The input that the Mahout recommendation engine actually accepts is Datamodel, which is a compression representation of the user preferences data. The specific implementation of Datamodel supports the extraction of user preferences from any type of data source and makes it easy to return the list of user IDs and count counts associated with an item in the input preferences data, as well as the number of users and items in the input data. The implementation includes the Genericdatamodel of the memory version, the Filedatamodel supporting the file reading and the Jdbcdatamodel supporting the reading of the database.

Genericdatamodel is the Datamodel memory version implementation. Suitable for constructing recommendation data in memory, it only accepts user's preference data as input of recommendation engine, and holds a preferencearray that is hashed by user ID and item ID. In Preferencearray, all user preferences for this user ID or item ID are matched.

Filedatamodel support file read, Mahout file format does not have too many stringent requirements, as long as the format to meet the OK:

· Each row contains a user ID, item ID, user preferences

· Comma-separated or tab-separated

· *.zip and *.gz files are automatically decompressed (Mahout recommended for compressed data storage when data volume is too large)

Filedatamodel reads the data from the file and then loads the data into memory in Genericdatamodel form to view the Buildmodel method in Filedatamodel.

Jdbcdatamodel supports read operations on the database, Mahout provides default support for MySQL Mysqljdbcdatamodel, which has the following requirements for storage of user preference data:

· The User ID column needs to be bigint and not empty

· The item ID column needs to be bigint and not empty

· User preference columns need to be float

· It is recommended that you index the user ID and item ID

Sometimes, we will ignore the user's preferences, only concerned about the existence of the relationship between the user and the object, this association is called "Boolean preference" in the mahout. This kind of hobby is because the user and the item's Association either exists, or does not exist, remember to simply indicate that the association relationship does not exist, does not represent likes and dislikes. In fact, a "Boolean preference" can have three states: like, dislike, and have no relationship.

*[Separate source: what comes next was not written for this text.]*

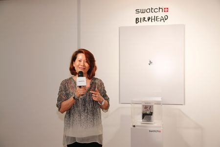 斯沃琪集团中国区总裁暨斯沃琪和平饭店艺术中心总经理陈素贞女士与艺术家鸟头组合合影展示斯沃琪水墨大鸟腕表鸟头组合对于创作灵感的解释:

In the case of a large amount of noise data in the preference data, this particular preference assessment is meaningful. At the same time, Mahout provides a memory version of the Datamodel--genericbooleanprefdatamodel for "Boolean preference"

As you can see, Genericbooleanprefdatamodel does not store preference values, only stores the associated UserID and Itemid, the difference between attention and Genericdatamodel, Genericbooleanprefdatamodel uses Fastidset, only the associated ID, no preference value. As a result, some of its methods (inherited from Datamodel), such as Getitemidsforuser (), have better execution speed, while Getpreferencesfromuser () performs worse. Because Genericbooleanprefdatamodel did not store preference values, it defaults to the value of the items are 1.0


Contact Us

The content source of this page is from Internet, which doesn't represent Alibaba Cloud's opinion; products and services mentioned on that page don't have any relationship with Alibaba Cloud. If the content of the page makes you feel confusing, please write us an email, we will handle the problem within 5 days after receiving your email.

If you find any instances of plagiarism from the community, please send an email to: info-contact@alibabacloud.com and provide relevant evidence. A staff member will contact you within 5 working days.

A Free Trial That Lets You Build Big!

Start building with 50+ products and up to 12 months usage for Elastic Compute Service

  • Sales Support

    1 on 1 presale consultation

  • After-Sales Support

    24/7 Technical Support 6 Free Tickets per Quarter Faster Response

  • Alibaba Cloud offers highly flexible support services tailored to meet your exact needs.